Club, fans in Rochester feeling sting of minor irritation with O's

Inside the Orioles

Relationship with affiliate chills

Red Wings rebuff attempt at 3-year deal

July 04, 1999|By Joe Strauss | Joe Strauss,SUN STAFF

NEW YORK -- Beyond the booing of designated anti-hero Albert Belle and the protracted cheering of third baseman Cal Ripken in what was likely his last tour through town, Rochester hugged the Orioles on Monday. It was something less than a full embrace.

The Orioles' season has become one of blatant disappointment. However, its relationship with the Red Wings, a 39-year Triple-A affiliate, underscores the loosening ties within a farm system once considered more family and represents a subtler issue that played out in a private box last Monday. While the Orioles sprinted through eight innings of a 1-1 exhibition, general manager Frank Wren attempted to negotiate a three-year extension, only to be rebuffed by Red Wings executives.

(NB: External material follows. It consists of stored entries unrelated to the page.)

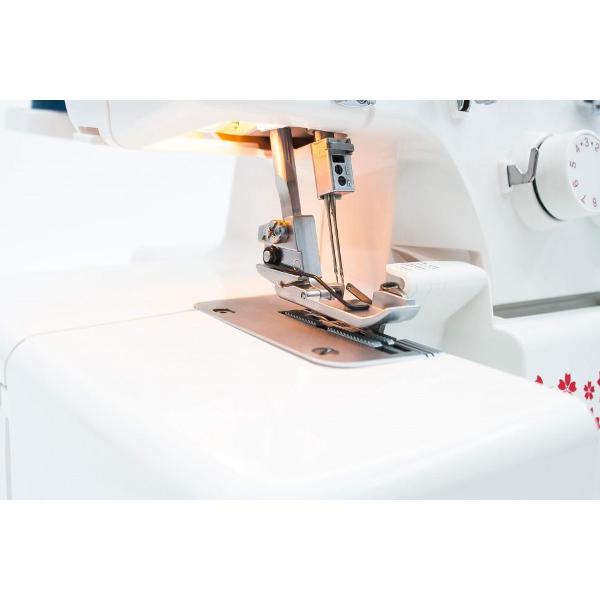 На корпусе предусмотрен нитеобрезатель. Для переноски инструмента установлена специальная ручка. Устойчивость прибора обеспечивают прорезиненные ножки. В комплектацию включены масло для смазки, катушкодержатель, сетка для нитей, набор игл, отвертка, пинцет, кисточка для чистки. Потребляемая мощность — 135 Вт, подключение к сети осуществляется с помощью шнура протяженностью 1,25 м. Вес — 8 кг.
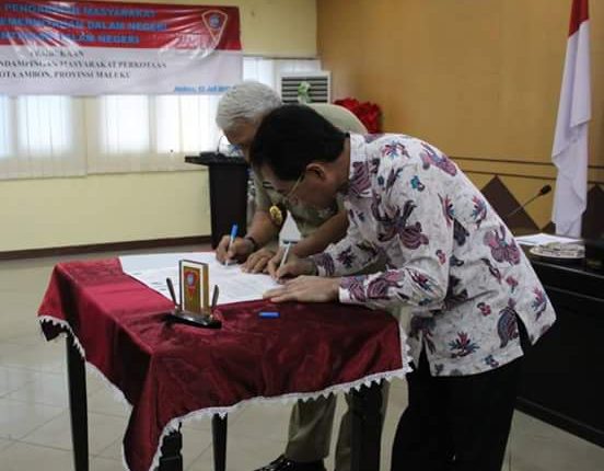 AMBON MANISE. Pemerintah Kota Ambon melakukan penandatangan nota kesepakatan bersama Institut Pemerintah Dalam Negeri (IPDN) tentang pendampingan masyarakat perkotaan yang berlangsung Kamis (12/11) di lantai II kantor Walikota Ambon.
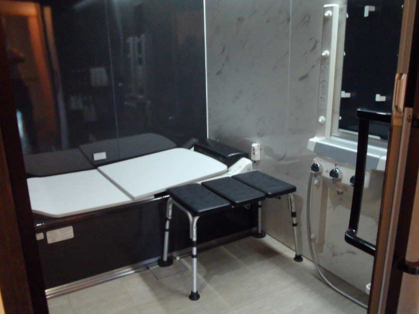 現在も古いユニットですがバリアフリーにはなっておらず、車いす生活の家族にとっては最適です。浴室内の向き変更により入りやすくなった。

"We want a one-year agreement. The Orioles prefer a three-year deal. You'd think it would be the other way around, wouldn't you?" said chief operating officer Naomi Silver.

Indeed, there was barely a ripple when the Orioles and Red Wings agreed to a two-year extension after the 1997 season. The Orioles celebrated their first American League East title in 14 years and a second consecutive berth in the AL Championship Series. Rochester pitcher Nerio Rodriguez and infielder Aaron Ledesma made significant contribu- tions. The Red Wings won the International League playoffs after the second first-place finish in three seasons under then-manager Marv Foley.

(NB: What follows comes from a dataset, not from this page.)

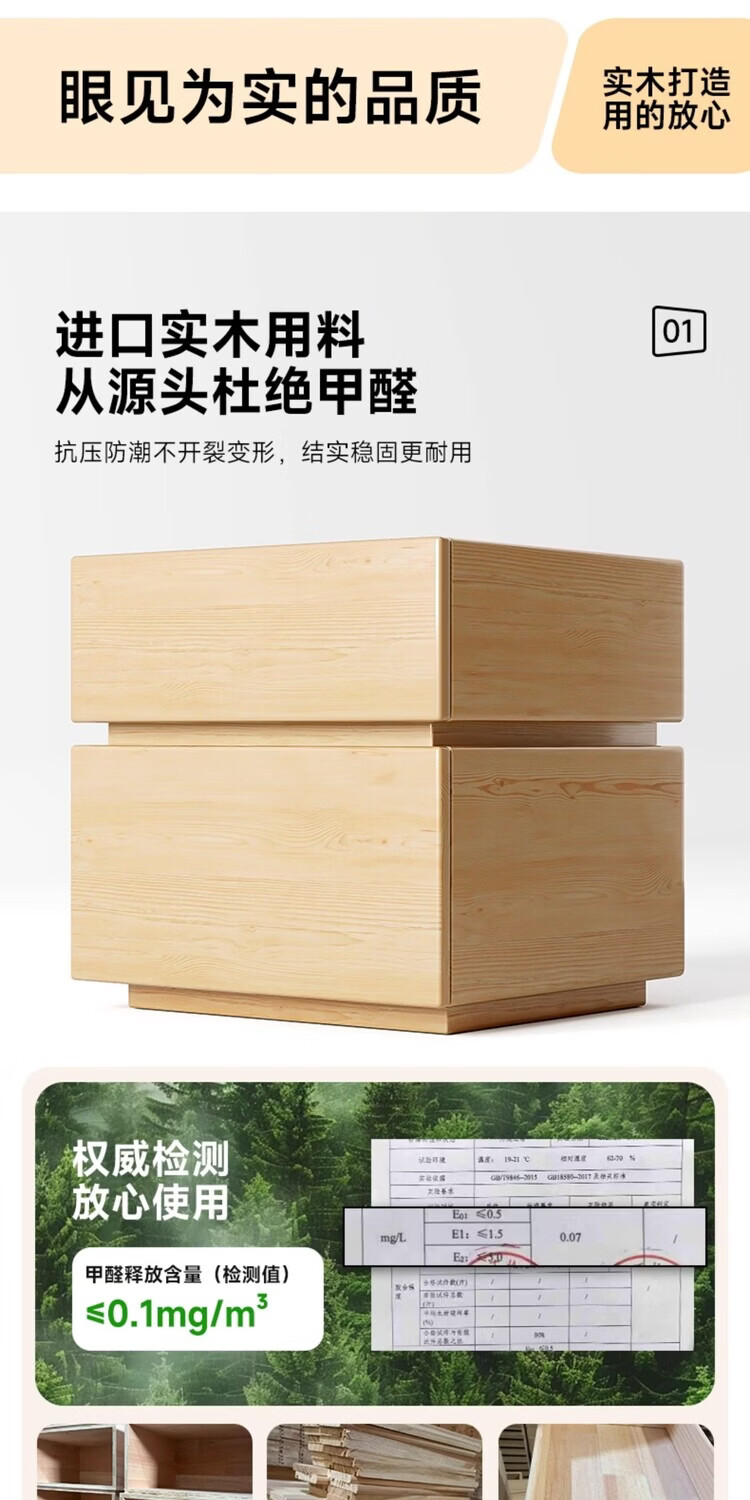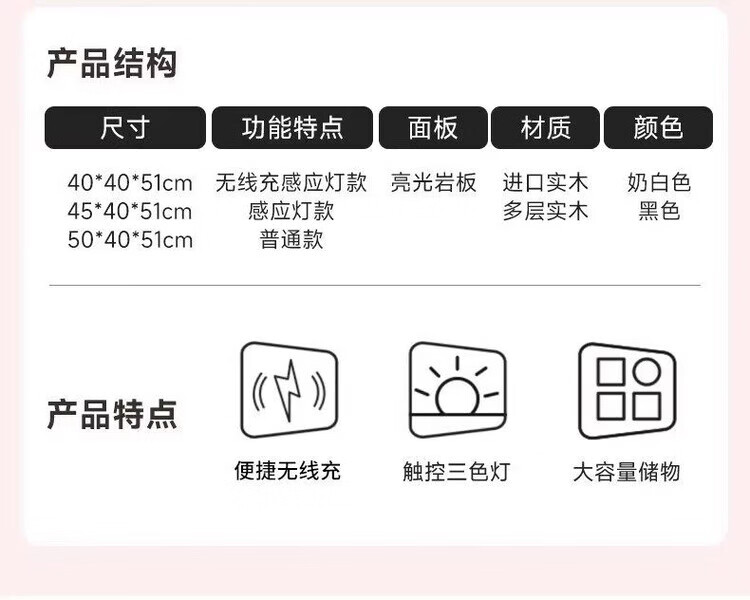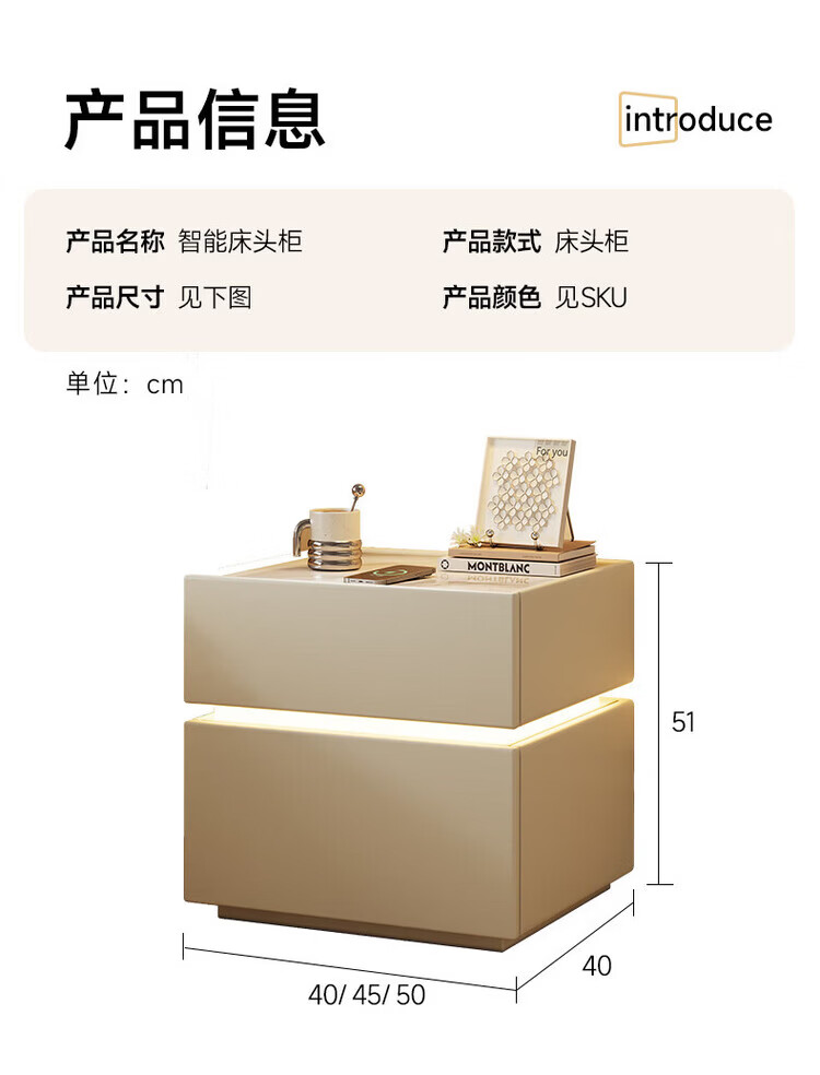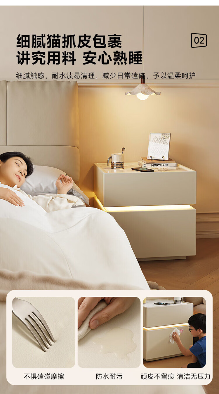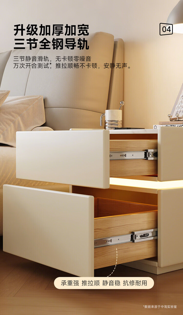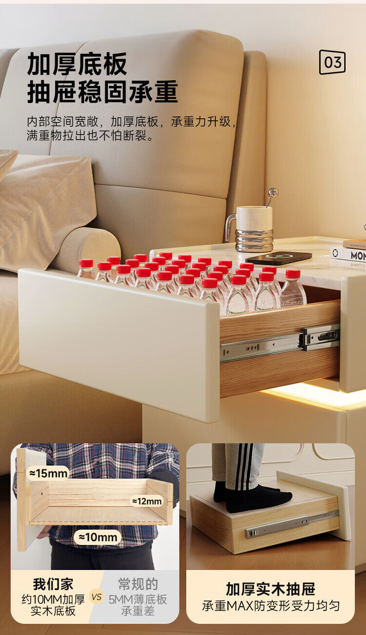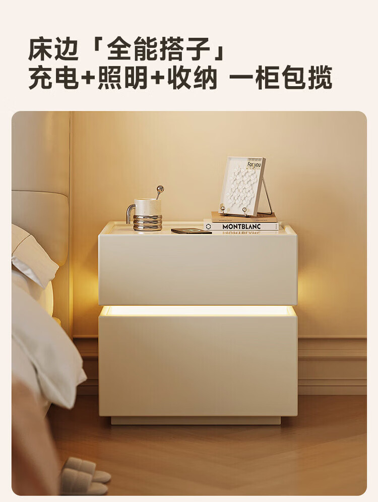 耐禾实木床头柜家用卧室2026爆款轻奢高级感奶油风小型床边收纳柜智能 奶白色【岩板标配】实木框架 长40宽40高50cm

A lack of prospects, the loss of the popular Foley (now the Orioles' first base coach), a miserable season and suspicion of the Orioles' intentions have come to complicate the relationship.

Speaking to her position in last week's negotiations, Silver said: "It's about showing our fans that they're not taken for granted. We certainly anticipate staying with the Orioles. We hope they want to stay with us. But based on the way things have gone this season, we think [a one-year] extension is in everybody's best interest."

Consternation over Monday night's game abated after Orioles chief operating officer Joe Foss and Wren engaged in successful shuttle diplomacy with veteran Orioles B.J. Surhoff, Brady Anderson and player representative Mike Mussina. But because the game became an embarrassing issue after Belle's supposedly facetious posting of a petition to boycott, what had been a private irritant became public spectacle, especially to Rochester fans, who tend to take their baseball personally.

"To me, Rochester is a unique place," said Foley, who is considering moving his off-season residence from Sarasota, Fla., to Rochester, which is also home to former Orioles manager Joe Altobelli. "The fans there are terrific. They love the team and the players. It's just a great area for baseball."

The Rochester Democrat and Chronicle does a major-league job covering the International League, and part of its cover-to-cover presentation Tuesday included a full page of venting from Red Wings fans. Within a market that Foley calls "the best" for minor-league baseball, feedback was far from positive. Hurt by the recent controversy in Baltimore and feeling increasingly detached from an Orioles front office that recently botched a roster move involving closer Gabe Molina, baseball's third-longest affiliation is no longer an easy marriage.

To Silver and her customers, there are several major points: Orioles majority owner Peter Angelos never has visited the town. Though seen as a petty issue in Baltimore, such slights are bigger in a place compelled to dismiss "boondocks" as an apt characterization. Silver recently said: "There's not the huge bond there was 20 years ago. Management changes so much in Baltimore, it's hard to get close to anyone."

The Red Wings have enjoyed 24 winning seasons during their 39-year affiliation with the Orioles. This will not be one of them as they roll around in the International League cellar.

Most significantly, the Orioles can envision all their minor-league affiliates playing within Maryland. Under such a scenario, Aberdeen would construct a stadium and receive a lower-classification team. Bowie's impressive Prince George's County Stadium would be made suitable for a Triple-A team. Rochester would be left to seek other arrangements.

"We've heard those rumors for five, six, seven years," said Silver. "I'm not sure how close they are to becoming reality, but we're certainly aware of them."

The Red Wings could take a pre-emptive step by seeking affiliation with the New York Mets, who also have a long-standing relationship with Norfolk, Va., though Silver said no overtures have been made.

Locals also believe the club could make a deal with the Pittsburgh Pirates when their contract with Nashville expires after the 2001 season.

Wren said Monday that the Orioles' desire for a three-year deal illustrates their commitment to Rochester. But as those within the warehouse examine and re-examine what direction the club will take after this season's disaster, Silver and those who have made Rochester "Baseball City, USA" want additional proof.